Founders Should Pay Attention
For anyone building a business right now, especially founders outside the Valley echo chamber, this shift matters more than they probably realize. Traditional loans are drying up. Venture capital is pickier. But private credit? That’s a door creaking open if you’ve got stable cash flow and a serious plan.
Schwartz made it clear: this isn’t just about funding billion-dollar buyouts. Carlyle’s $194 billion credit arm is now set up to work across the spectrum. Infrastructure, direct lending, distressed plays, it’s all part of the same machine. For new entrepreneurs, that’s a chance to grow without handing over the cap table.
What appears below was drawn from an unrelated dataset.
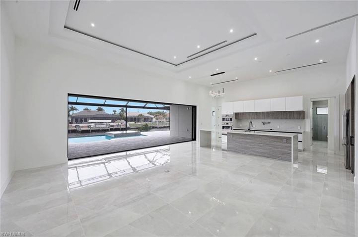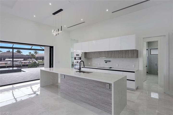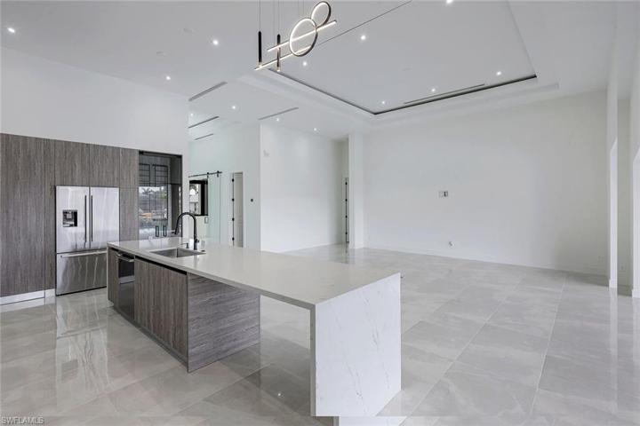Modern New Construction Gulf Access Home in SW Cape Coral. Straight out of the pages of a magazine! Clean contemporary design overlooking a 150+ foot wide canal near Cape Harbour! Featuring 2,844 SF with 4 Beds, Office, 4 Bath, and a 3 Car Garage. Open family room with high volume ceilings and 23′ pocketing sliding glass doors leading out to pool & spa. Entertainer’s Kitchen has European style cabinetry, double waterfall Quartz island, high-end Bosch appliances, hidden walk-in pantry, and wine wall. Master suite overlooks the water. Stunning master bath w/ dual vanities and large walk-in shower w/ designer tub. Junior master suite and 2 spare bedrooms ideal for family & guests. Entertain or Relax on the spacious lanai w/ outdoor kitchen & false-negative edge Heated Pool on the water! Integrated 360 degree spillover spa and sun shelf complete this amazing pool! LOADED WITH FEATURES! Panoramic Screen Enclosure w/ picture window screens, Impact Windows & Doors, Wood ceilings on the lanai & foyer, liner AC vents, designer lighting, and large format tile flooring throughout. Boating & Fishing right from your back yard! Cape Harbour waterfront dining, shopping, and events very close by!

You can take on strategic debt without losing control. But only if you know what the other side of the table wants.
Global Appetite, Local Ground Game
One thing Schwartz said hit different: “Private credit is local.” He meant that in a boots-on-the-ground way. Carlyle’s not just cutting checks from New York. They’re embedding teams across Asia, Europe, and LATAM. That local lens matters, especially when financing needs nuance, not boilerplate.
But here’s the thing: the discipline still travels. This isn’t a free-for-all. Carlyle’s pitch is built on trust, between lenders and borrowers, between institutions and operators. Schwartz knows the moment that slips, the whole system gets jittery.
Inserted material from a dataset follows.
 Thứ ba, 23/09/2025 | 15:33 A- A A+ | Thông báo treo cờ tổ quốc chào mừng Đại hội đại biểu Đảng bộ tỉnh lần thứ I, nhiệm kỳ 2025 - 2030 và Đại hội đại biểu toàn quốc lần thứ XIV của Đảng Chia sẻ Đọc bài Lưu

So the firm’s doubling down, but with guardrails. AI infrastructure, energy transitions, cross-border supply chains—those are the big-ticket themes. But it’s the small operators with operational rigor and sharp execution that will get funded.
The Real Takeaway
The power is shifting. Slowly, then suddenly. And Schwartz is one of the few execs not sugarcoating it. He’s not promising easy money. He’s pointing to the new map. If you’re a founder grinding through financing talks in this environment, watch where the giants are moving. That’s your weather system.
And right now? It’s private credit. Quiet, fast, and getting global by the minute.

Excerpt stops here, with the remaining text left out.